Preferable, the value of p is 1.
In the above-mentioned steps (B), the method of calculating the degree of correlation between the term in any two query event comprises: by calculating the similarity of user's clauses and subclauses that click is visited to Query Result in new query event and the old query event, instead push away the degree of correlation between the term in the query event, its method is:
Sim ( S new , S old ) = Common ( S new . CDoc , S old . Cdoc ) Max ( S new . CDoc , S old . Cdoc )
Wherein, S NewBe new query event, S OldBe old query event, Sim (S NewS Old) be the similarity of user's clauses and subclauses that click is visited to Query Result in new query event and the old query event, S New.CDoc being illustrated in the ID that the user clicks the clauses and subclauses of visiting to Query Result in the new query event tabulates; S Old.Cdoc being illustrated in the ID that the user clicks the clauses and subclauses of visiting to Query Result in the old query event tabulates; Common (S New.CDoc, S Old.Cdoc) be the quantity of the clauses and subclauses that the user clicks in the Query Result of new query event and old query event, Max (S with identical ID New.CDoc, S Old.Cdoc) be the maximum that the user clicks the number of entries of visit in new query event and the old query event to Query Result.
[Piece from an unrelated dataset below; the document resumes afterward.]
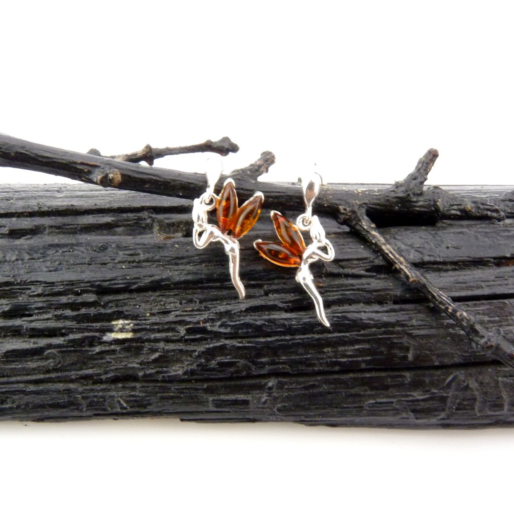 Náušnice s leštěným Jantarem ve stříbře Ag 925/1000 Rhodium (povrchová úprava).

If Sim is (S New, S Old) value surpass the threshold value of systemic presupposition, then further calculate the degree of correlation between the term in new query event and the old query event, its method is:
Weight ( W newi , W oldj ) = Sim ( S new , S old ) × OldWeight ( W newi , W oldj ) q × ( a - 1 ) + 1 a
Wherein, W NewiBe i the term of importing in the new query event, W OldjBe j the term of importing in the old query event, Weight (W Newi, W Oldj) be term W NewiWith W OldjThe degree of correlation, OldWeight (W Newi, W Oldj) be term W NewiWith W OldjThe old degree of correlation, OldWeight (W Newi, W Oldj) qValue be (0,1), q is the real number greater than zero, a is the natural number greater than 2.
Preferable, the value of q is 1.
In the above-mentioned steps (B), according to the degree of correlation between the term that calculates the coordinate indexing dictionary is carried out method for updating and comprises:
If the degree of correlation between a pair of term that calculates has been stored in the coordinate indexing dictionary, then improve and describedly be stored in the coordinate indexing dictionary this relevance degree between the term, otherwise, in the coordinate indexing dictionary, increase this to term.
The degree of correlation between the term that described basis calculates is carried out the coordinate indexing dictionary after the updating steps, also comprises the step of regulating the coordinate indexing dictionary:
If a pair of term with degree of correlation in the coordinate indexing dictionary does not have accessed mistake in certain time interval, then reduce this to the relevance degree between the term.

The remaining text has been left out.